Variety choice and planting dates are two key factors that drive soybean yield.
On this episode of RealAgriculture’s Soybean School, host Bernard Tobin asks whether later-maturing soy varieties are required for the highest yields and whether growers should plant soybeans before corn. For some answers, Tobin is joined by Michigan State University soybean educator Mike Staton and Ontario Ministry of Agriculture, Food and Rural Affairs soybean specialist Horst Bohner. They both addressed these questions during their presentation at the Ontario Agricultural Conference earlier this month at Ridgetown, Ont.
After looking at long-term Michigan data, Staton says growers who plant the best yielding, adapted varieties for a maturity group in mid-May, should expect top yields. If growers want to plant earlier, however, full-season beans have an opportunity to shine and produce higher yields, but there are risks, including late-season frost and immaturity. The risk-reward analysis indicates a couple of bushel increase. Growers need to decide if that’s worth it, says Staton.

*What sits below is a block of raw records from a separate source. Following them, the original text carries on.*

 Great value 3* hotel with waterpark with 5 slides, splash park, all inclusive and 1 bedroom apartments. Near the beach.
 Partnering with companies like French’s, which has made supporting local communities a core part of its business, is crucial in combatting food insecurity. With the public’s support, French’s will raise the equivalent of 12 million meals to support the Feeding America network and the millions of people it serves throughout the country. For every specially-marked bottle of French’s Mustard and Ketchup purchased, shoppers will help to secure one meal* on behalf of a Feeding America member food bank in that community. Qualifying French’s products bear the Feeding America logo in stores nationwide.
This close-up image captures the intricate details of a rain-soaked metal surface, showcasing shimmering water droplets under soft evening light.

Both Bohner and Staton also reviewed the latest data from planting research on whether growers should plant corn or soybeans first when they hit the field in the spring.
“So far the data is pretty clear that both corn and soybeans do well planted early,” says Bohner. “I think it depends on whether or not you’re worried about plant stands and other factors. But from a yield perspective, it’s working pretty well… until we have that big frost.”

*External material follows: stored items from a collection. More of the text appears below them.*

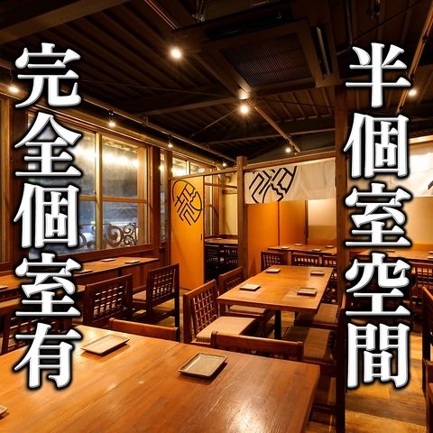 最大6名様の完全個室あり♪『半個室席』は2~12名様まで♪「のれん・ロールスクリーン」で仕切り可能です♪
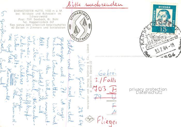 73549308 alte Postkarte Wildsee Schwarzwald Darmstaedter Huette postalisch gelaufen Erhaltung siehe scans [WerneD78] KatCode: 11110008237004
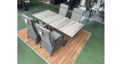 Komfort und Flexibilität werden bei diesem Dining-Set von SIENA GARDEN groĂźgeschrieben – verbringen Sie einzigartige Momente zusammen mit Freunden und Familie. Die moderne Tischgruppe besticht durch höchsten Sitzgenuss. Hier trifft Qualität auf schlichte Eleganz und viel Funktionalität: Die RĂĽckenlehne der bequemen Dining Sessel lässt sich stufenlos verstellen und der Ausziehtisch ist nicht nur optisch ein Highlight, sondern lässt sich ganz nach Bedarf vergrößern. Holen Sie sich mit diesem Dining-Set eine Extraportion Komfort in Ihren Garten.

Research out of Michigan indicates a 2.3 bu/ac advantage for early-planted soybeans. “It includes some really ultra early planting, maybe even as early as late March and first week of April, says Staton. He notes that one research location did see a loss of 6.5 bu/ac., but that was just one out of more than 20 locations, and overall, the story has been very positive. “I think Horst and I agree that agronomically, planting date is one of the biggest things that we can do to manage our yield potential.”